**Assigned task:**
Only one span of the material below is wanted. Output it exactly, from the line with "Bonam Venkata Chalamayya" through the line with "Debido a ello", without any pictures.

**Data to use:**
▬▬▬▬▬▬▬▬▬▬

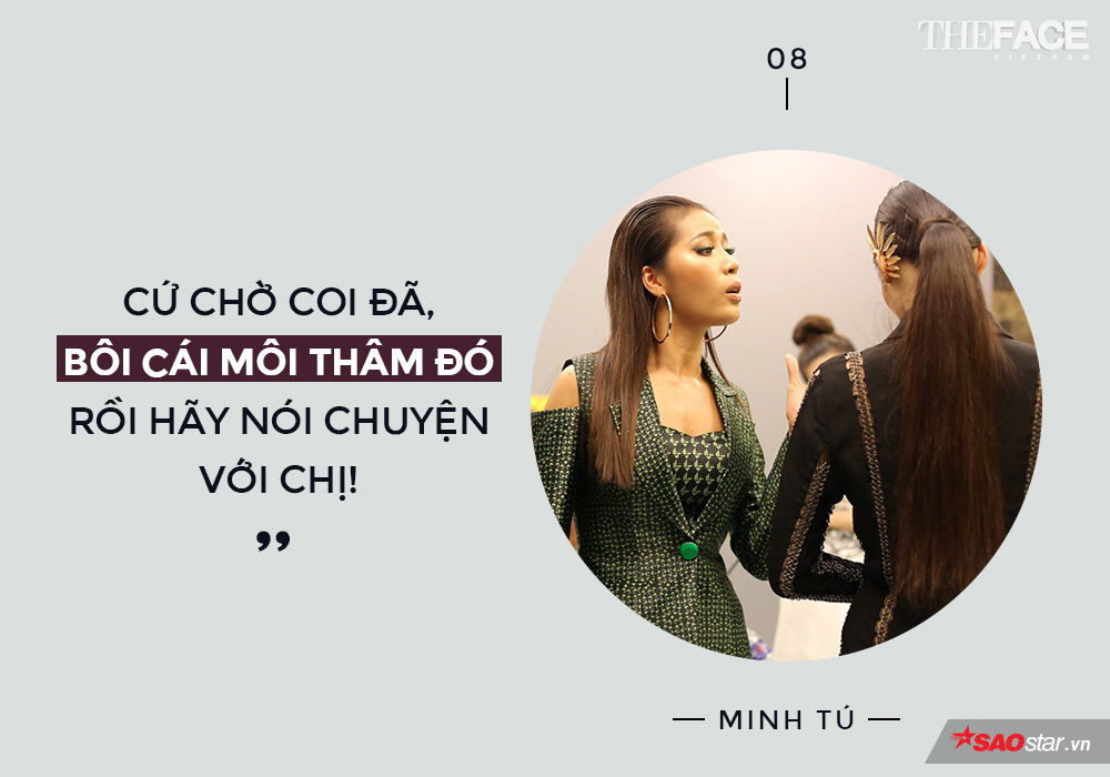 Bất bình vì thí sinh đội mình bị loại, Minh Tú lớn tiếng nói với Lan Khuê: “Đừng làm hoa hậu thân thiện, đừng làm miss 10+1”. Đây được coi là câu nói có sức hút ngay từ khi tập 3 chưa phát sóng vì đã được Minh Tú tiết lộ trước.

▬▬▬▬▬▬▬▬▬▬

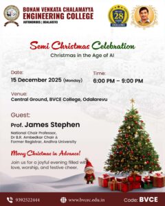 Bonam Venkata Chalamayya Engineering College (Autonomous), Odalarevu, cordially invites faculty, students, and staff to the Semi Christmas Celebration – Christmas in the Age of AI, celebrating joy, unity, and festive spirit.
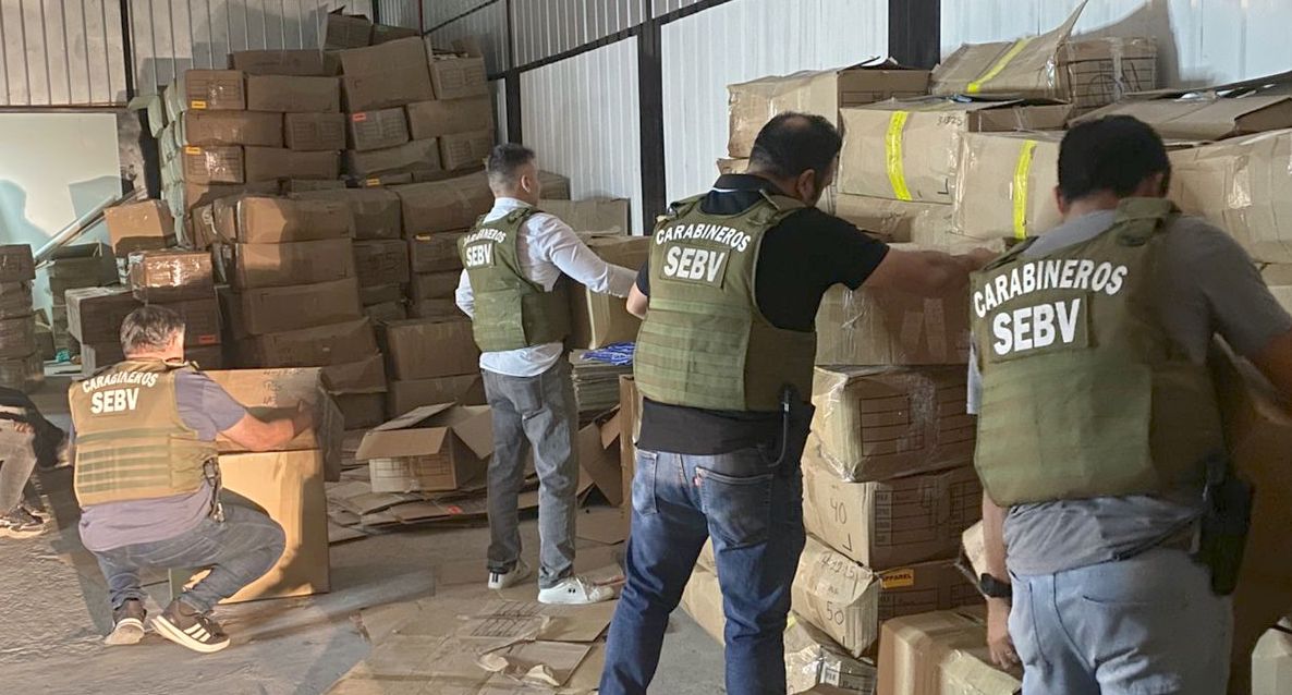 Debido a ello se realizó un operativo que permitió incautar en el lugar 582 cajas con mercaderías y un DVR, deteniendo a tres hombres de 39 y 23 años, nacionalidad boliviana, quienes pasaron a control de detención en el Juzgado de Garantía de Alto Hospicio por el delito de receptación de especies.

▬▬▬▬▬▬▬▬▬▬

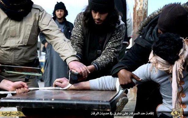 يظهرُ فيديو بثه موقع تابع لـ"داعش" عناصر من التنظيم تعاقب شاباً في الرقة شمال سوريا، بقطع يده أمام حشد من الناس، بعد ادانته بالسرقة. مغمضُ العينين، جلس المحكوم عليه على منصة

▬▬▬▬▬▬▬▬▬▬

**Exercise result:**
 Bonam Venkata Chalamayya Engineering College (Autonomous), Odalarevu, cordially invites faculty, students, and staff to the Semi Christmas Celebration – Christmas in the Age of AI, celebrating joy, unity, and festive spirit.
 Debido a ello se realizó un operativo que permitió incautar en el lugar 582 cajas con mercaderías y un DVR, deteniendo a tres hombres de 39 y 23 años, nacionalidad boliviana, quienes pasaron a control de detención en el Juzgado de Garantía de Alto Hospicio por el delito de receptación de especies.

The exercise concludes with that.